◆ **ACTIVITY**:
Leave out any pictures and transcribe all other data below exactly.

◆ **DATASET EXCERPT**:
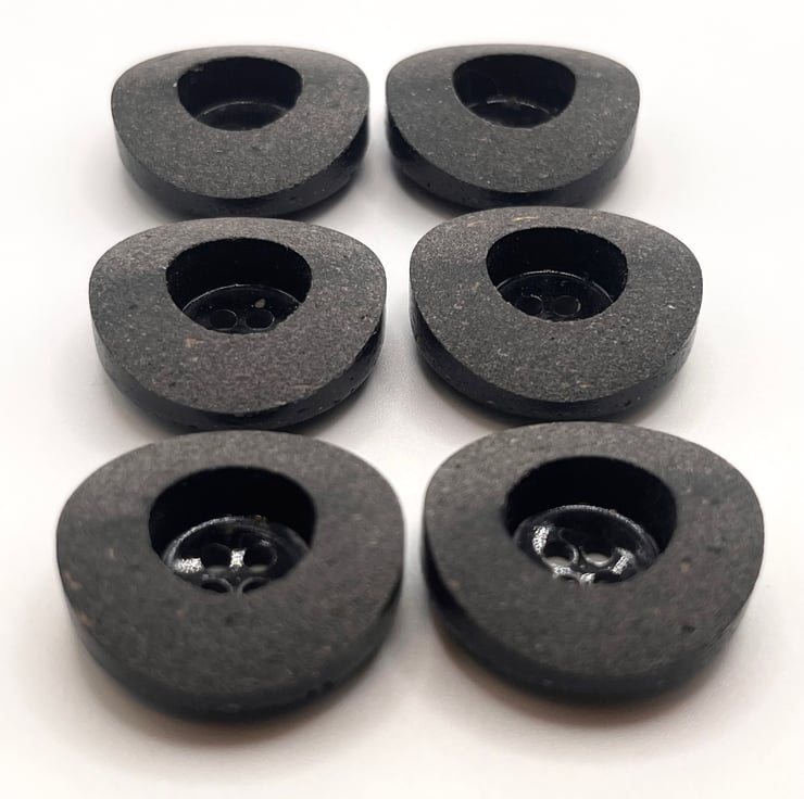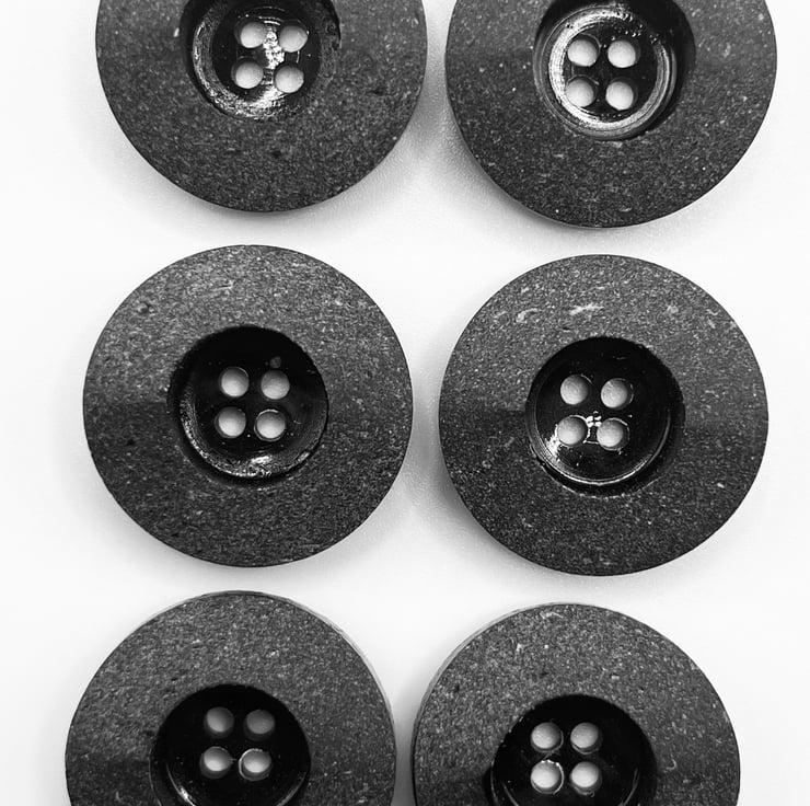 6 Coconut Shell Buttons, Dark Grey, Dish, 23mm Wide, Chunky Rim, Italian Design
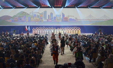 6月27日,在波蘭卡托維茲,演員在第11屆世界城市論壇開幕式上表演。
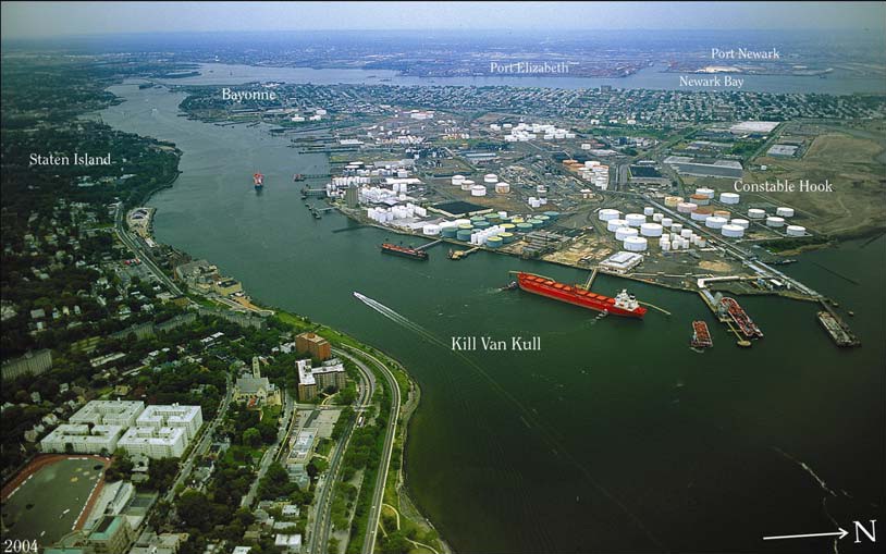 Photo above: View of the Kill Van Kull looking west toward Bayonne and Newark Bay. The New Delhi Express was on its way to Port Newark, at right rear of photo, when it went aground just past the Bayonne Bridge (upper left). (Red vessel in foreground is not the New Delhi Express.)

◆ **EXERCISE ANSWER**:
 6 Coconut Shell Buttons, Dark Grey, Dish, 23mm Wide, Chunky Rim, Italian Design
 6月27日,在波蘭卡托維茲,演員在第11屆世界城市論壇開幕式上表演。
 Photo above: View of the Kill Van Kull looking west toward Bayonne and Newark Bay. The New Delhi Express was on its way to Port Newark, at right rear of photo, when it went aground just past the Bayonne Bridge (upper left). (Red vessel in foreground is not the New Delhi Express.)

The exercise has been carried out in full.